ABD ziyaretinin ardından yazılı açıklama yapan Birleşmiş Milletler (BM) Azınlık İşleri Özel Raportörü Fernand de Varennes, ABD'de son zamanlarda siyahilere yönelik polis şiddeti ve Latin kökenli vatandaşlara yönelik artan ayrımcılığa ilişkin değerlendirmelerde bulundu.
De Varennes, ABD'deki azınlık hukukunun son 60 yıldır yapılan değişikliklerle güncellenmeye çalışıldığını hatırlatarak "ABD, söz konusu insan hakları ve azınlıklar olduğunda çelişkilerle dolu bir devlettir." açıklamasını yaptı.
"Yasal eksiklikler azınlıklara yönelik nefret suçlarının artışına imkan tanıyor"

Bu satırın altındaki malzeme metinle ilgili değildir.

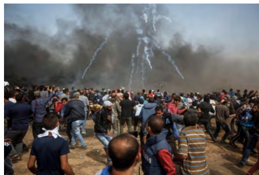
מפגינים פלסטינים סמוך לגדר הביטחון מזרחית לח'אן יונס (ופא, 27 באפריל 2018).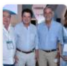
Cumbre 'Offshore Investment Summit 2019'

Invercionistas de industria offshore se reúnen desde este jueves en Barranquilla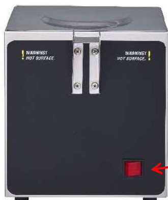
ウォーマースタンド (100V)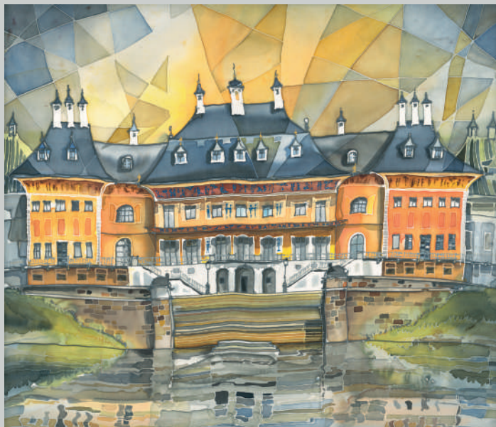
Schloss Pillnitz, Dresden

Özellikle son yıllarda sosyal medya ortamında yayılan nefret söylemlerinin ülkedeki insan hakları alanındaki eksiklikleri ortaya koyduğunu kaydeden De Varennes açıklamalarına şöyle devam etti:
"İnsan haklarının korunmasına dair yasal eksiklikler, başta azınlıklar olmak üzere milyonlarca Amerikalının eşitsizlik, ayrımcılık ve tecrit gibi muamelelere tabi tutulmasına ve bu azınlıklara yönelik nefret suçlarının artışına imkan tanımaktadır."
"Siyahiler ülkede en çok dışlanan azınlık"

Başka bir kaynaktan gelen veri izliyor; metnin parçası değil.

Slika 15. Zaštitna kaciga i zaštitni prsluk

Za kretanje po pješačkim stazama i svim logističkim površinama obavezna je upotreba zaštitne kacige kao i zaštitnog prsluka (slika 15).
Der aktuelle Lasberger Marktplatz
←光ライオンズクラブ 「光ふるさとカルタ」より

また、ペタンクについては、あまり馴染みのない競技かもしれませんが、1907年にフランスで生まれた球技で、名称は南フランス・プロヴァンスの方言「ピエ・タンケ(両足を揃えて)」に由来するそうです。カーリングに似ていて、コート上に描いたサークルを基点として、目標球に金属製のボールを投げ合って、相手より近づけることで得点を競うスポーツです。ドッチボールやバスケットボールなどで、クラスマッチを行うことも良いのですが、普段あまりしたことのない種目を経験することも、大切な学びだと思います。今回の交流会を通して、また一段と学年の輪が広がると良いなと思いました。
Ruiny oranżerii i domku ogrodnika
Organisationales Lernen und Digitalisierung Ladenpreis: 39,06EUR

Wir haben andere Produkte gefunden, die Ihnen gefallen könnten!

De Varennes, son yıllarda polis şiddeti sonucu hayatını kaybeden George Floyd ve Breonna Taylor ile ırkçı saldırı sonucu öldürülen Ahmed Arbery'ye atıf yaparak şunları söyledi:
"Siyahiler ülkede en çok dışlanan azınlık olmakla birlikte nefret suçları ve söylemlerinin hedefi olmaya en müsait insanlardır."
ABD'de azınlıkların korunması ve eşit muamele görmesi için azınlık kanunlarının ciddi bir reformdan geçirilmesi gerektiğini savunan De Varennes, "Yeni bir Amerika'nın inşası, bütün Amerikalıları kapsayan yeni bir sözleşme gerektirmektedir. Bu sözleşme en çok, şimdiye kadar ayrımcılığa tabi tutulan yerli halk, Afro-Amerikan, Latin ve diğer azınlıklar için lazımdır." değerlendirmesini yaptı.